Javier Andreu Pintado
Catedrático de Historia Antigua y director del Diploma de Arqueología
A mis estudiantes de “Epigrafía e instituciones romanas” del Diploma de Arqueología de la Universidad de Navarra suelo recordarles el valor de la palabra escrita sobre soporte duro en Roma, haciendo hincapié en que cada nueva inscripción hace latir más deprisa el corazón de los historiadores.
Les explico que las inscripciones nos cuentan historias, muy condensadas pero apasionantes, y que es esa elocuencia la que nos permite conocer muchos aspectos de cuando, en Navarra, fuimos romanos. Bien lo sabemos en Los Bañales de Uncastillo y en Santa Criz de Eslava donde sus repertorios epigráficos –con diferencia los más generosos del antiguo territorio vascón– nos permiten caracterizar los entresijos de la sociedad de hace 2,000 años.
Suelo recordarles el valor de la palabra escrita sobre soporte duro en Roma.
Ese appeal de las inscripciones lo hemos vuelto a palpar estos días. Uno de los filólogos que se mostró más prudente con la interpretación vascónica de la mano de Irulegi advertía al equipo que, del CSIC de Mérida, excava en El Turuñuelo de Guareña (Bajadoz), de la presencia de un signario tartésico (de hace cerca de 3 mil años) en una pizarra con escenas de guerreros que presentaban como hallazgo de su nueva campaña de excavaciones.
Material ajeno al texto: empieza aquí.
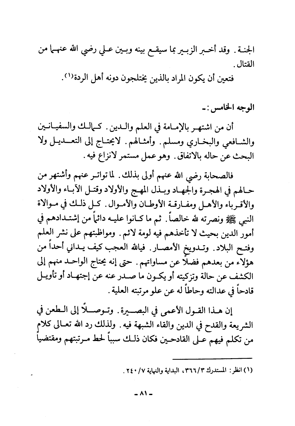 ثم ما كانوا عليه دائماً من إشتدادهم في أمور الدين بحيث لا تأخذهم فيه لومة لائم، ومواظبتهم على نشر العلم وفتح البلاد، وتدويخ الأمصار، فيا لله العجب كيف يداني أحداً من هؤلاء من بعدهم فضلاً عن مساواتهم، حتى إنه يحتاج الواحد منهم إلى الكشف عن حاله وتزكيته أو يكون ما صدر عنه عن إجتهاد أو تأويل قادحاً في عدالته وحاطاً له عن علو مرتبته العلية.

El pasado sábado, en Navarra, los Vascones volvían a la palestra mediática con la presentación, por parte de la Sociedad de Ciencias Aranzadi, del hallazgo, en Larunbe, de un hermoso altar de piedra con cinco líneas de texto y dedicado a la divinidad vascona Larrahe que ya conocíamos por otras atestiguaciones más meridionales y que se convierte ahora en la deidad indígena mejor representada en el territorio vascón. La pieza, del siglo I d. C., documenta el voto que una mujer, Valeria Vitella, hizo a esta divinidad.